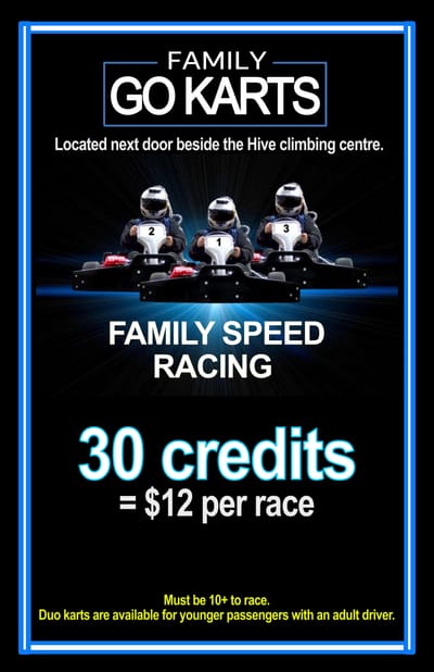 Central City Fun Park's brand new Go Kart track is located next door (beside The Hive Rock Climbing)...
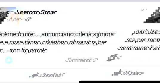 Valeria è venuta a mancare nel 2016, con Croce che commentava pubblicamente sui social così l’agonia della povera Valeria nei suoi ultimi giorni di vita:
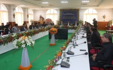 Jaipur, January 11 (IANS) At the 83rd conference of All India Presiding Officers being held in Jaipur, Vice President Jagdeep Dhankhar, Lok Sabha Speaker Om Birla and Rajasthan Chief Minister Ashok Gehlot discu
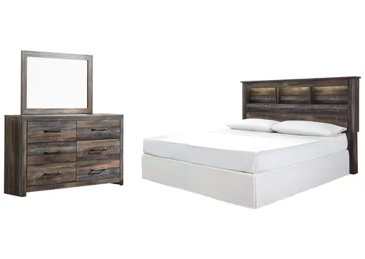 Drystan King/California King Bookcase Headboard Bed with Mirrored Dresser | Furnzy.com - Shop local furniture stores in one place
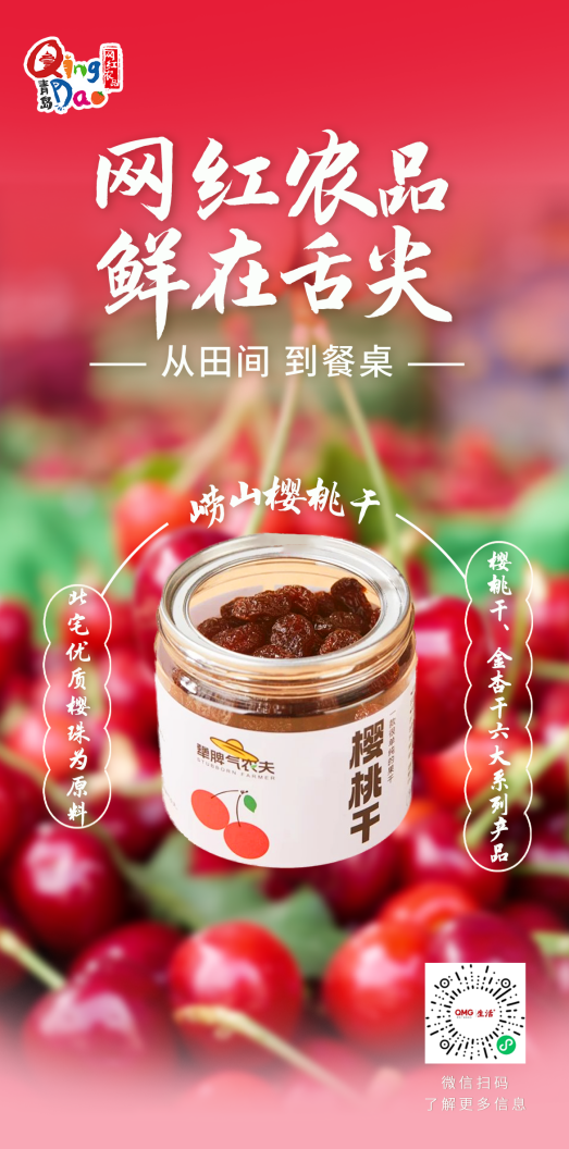 崂山樱桃干选用崂山北宅优质樱珠为原料,采用独特的慢煮慢烘工艺,配料表干干净净只有大樱桃。企业致力于用匠心做“单纯”好果干,以崂山优质鲜果为基础,配以传统浅加工工艺,产品包括樱桃干、金杏干等6大系列,已通过线上平台销售到全国各大主要城市。
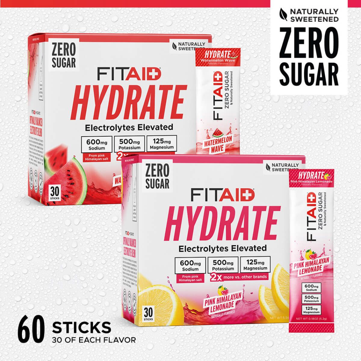 FITAID Hydrate is also a zero-sugar product, naturally sweetened with monk fruit and stevia to provide refreshment without a sugar spike or an aftertaste. In addition to Watermelon Wave, it's also available in Pink Himalayan Lemonade.
----
Instructions for the task: Please output the material above unchanged, apart from removing the pictures.

Written response:
 Central City Fun Park's brand new Go Kart track is located next door (beside The Hive Rock Climbing)...
 Valeria è venuta a mancare nel 2016, con Croce che commentava pubblicamente sui social così l’agonia della povera Valeria nei suoi ultimi giorni di vita:
 Jaipur, January 11 (IANS) At the 83rd conference of All India Presiding Officers being held in Jaipur, Vice President Jagdeep Dhankhar, Lok Sabha Speaker Om Birla and Rajasthan Chief Minister Ashok Gehlot discu
 Drystan King/California King Bookcase Headboard Bed with Mirrored Dresser | Furnzy.com - Shop local furniture stores in one place
 崂山樱桃干选用崂山北宅优质樱珠为原料,采用独特的慢煮慢烘工艺,配料表干干净净只有大樱桃。企业致力于用匠心做“单纯”好果干,以崂山优质鲜果为基础,配以传统浅加工工艺,产品包括樱桃干、金杏干等6大系列,已通过线上平台销售到全国各大主要城市。
 FITAID Hydrate is also a zero-sugar product, naturally sweetened with monk fruit and stevia to provide refreshment without a sugar spike or an aftertaste. In addition to Watermelon Wave, it's also available in Pink Himalayan Lemonade.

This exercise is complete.